▸ **Activity**
A faithful copy is required. Print each line of the data exactly and omit the pictures.

▸ **Given data**
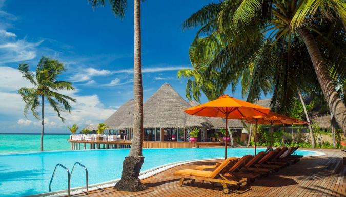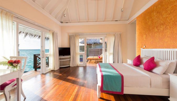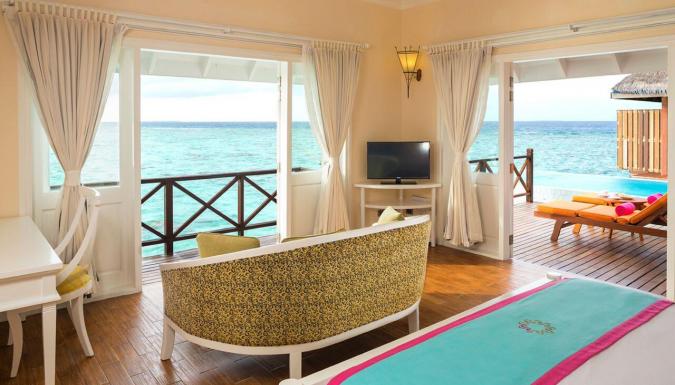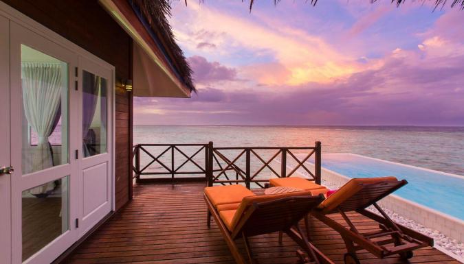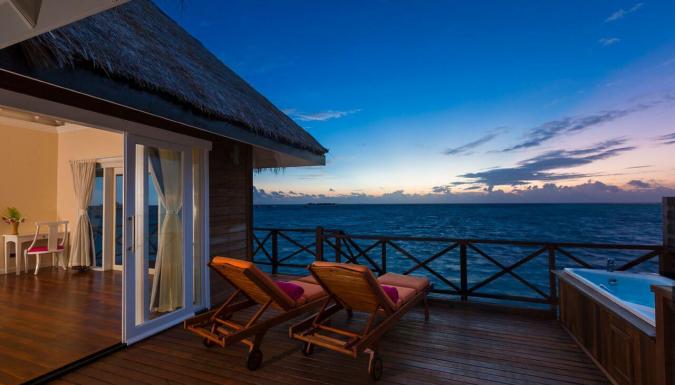 Курортный отель Sun Aqua Vilu Reef предлагает спокойный пляжный отдых на одной из его просторных вилл.
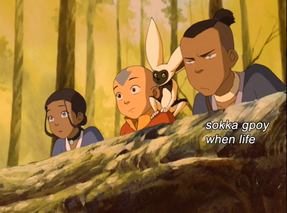Or maybe he’s just a little bitter about her making fun of his ears in that “fake” fight they had. Respect, Katara. I am an older sister myself. You have to keep the whelps in line. [Edit: It has been pointed out that Katara is in fact Sokka’s younger sister. I was projecting.]
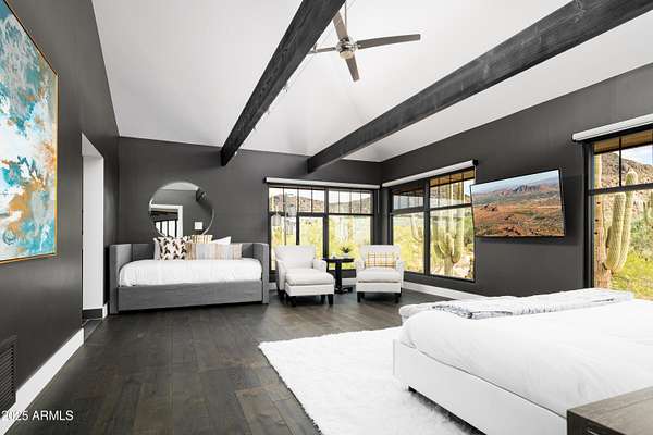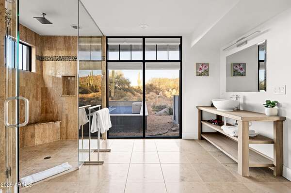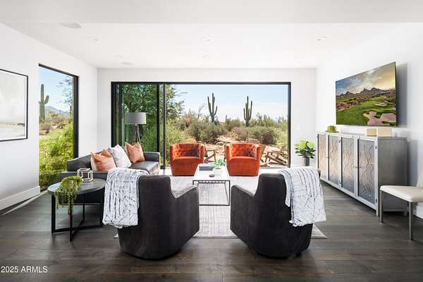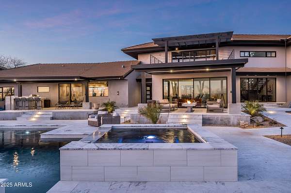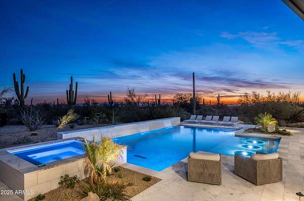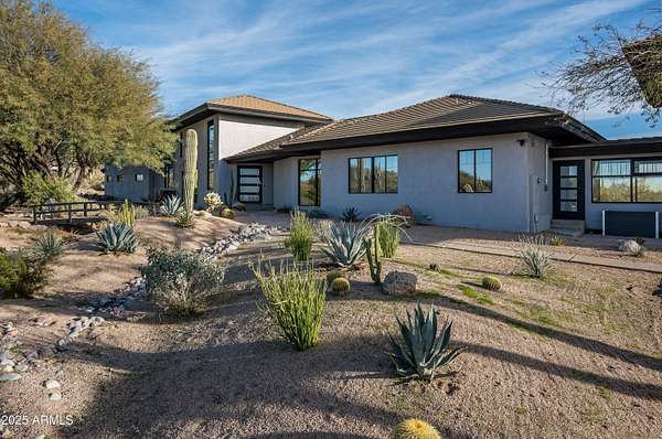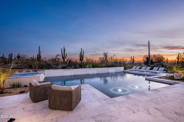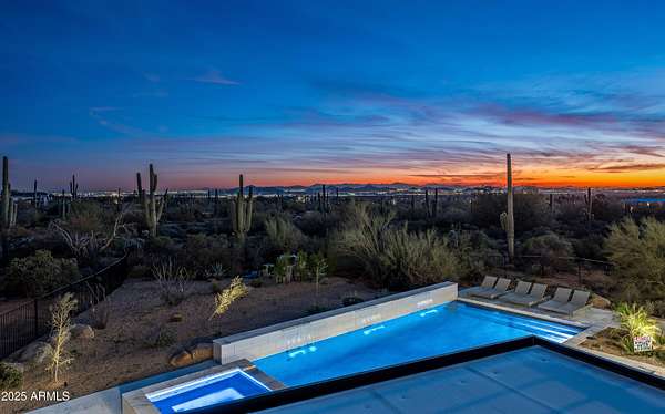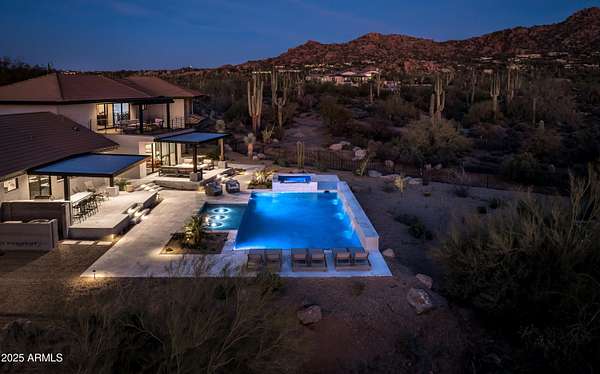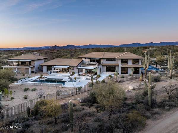 Set on nearly 7.5 acres with unmatched 360 degrees views of Pinnacle Peak, the McDowells, and Camelback, this fully renovated estate features dual primary suites, 4-bedrooms & 3-bathrooms in the main home plus a private 1-bed, 1-bath guest house with full kitchen and laundry. Floor-to-ceiling windows showcase breathtaking desert scenery and city lights. Enjoy a custom wine wall, marble waterfall island, walnut bar-top, and top-tier appliances. Outside, relax in the new heated pool, spa, sport court and multiple stunning outdoor spaces. Homes like this are incredibly rare - don't miss your chance to own a true desert gem! No HOA

▸ **Written response**
 Курортный отель Sun Aqua Vilu Reef предлагает спокойный пляжный отдых на одной из его просторных вилл.
Or maybe he’s just a little bitter about her making fun of his ears in that “fake” fight they had. Respect, Katara. I am an older sister myself. You have to keep the whelps in line. [Edit: It has been pointed out that Katara is in fact Sokka’s younger sister. I was projecting.]
 Set on nearly 7.5 acres with unmatched 360 degrees views of Pinnacle Peak, the McDowells, and Camelback, this fully renovated estate features dual primary suites, 4-bedrooms & 3-bathrooms in the main home plus a private 1-bed, 1-bath guest house with full kitchen and laundry. Floor-to-ceiling windows showcase breathtaking desert scenery and city lights. Enjoy a custom wine wall, marble waterfall island, walnut bar-top, and top-tier appliances. Outside, relax in the new heated pool, spa, sport court and multiple stunning outdoor spaces. Homes like this are incredibly rare - don't miss your chance to own a true desert gem! No HOA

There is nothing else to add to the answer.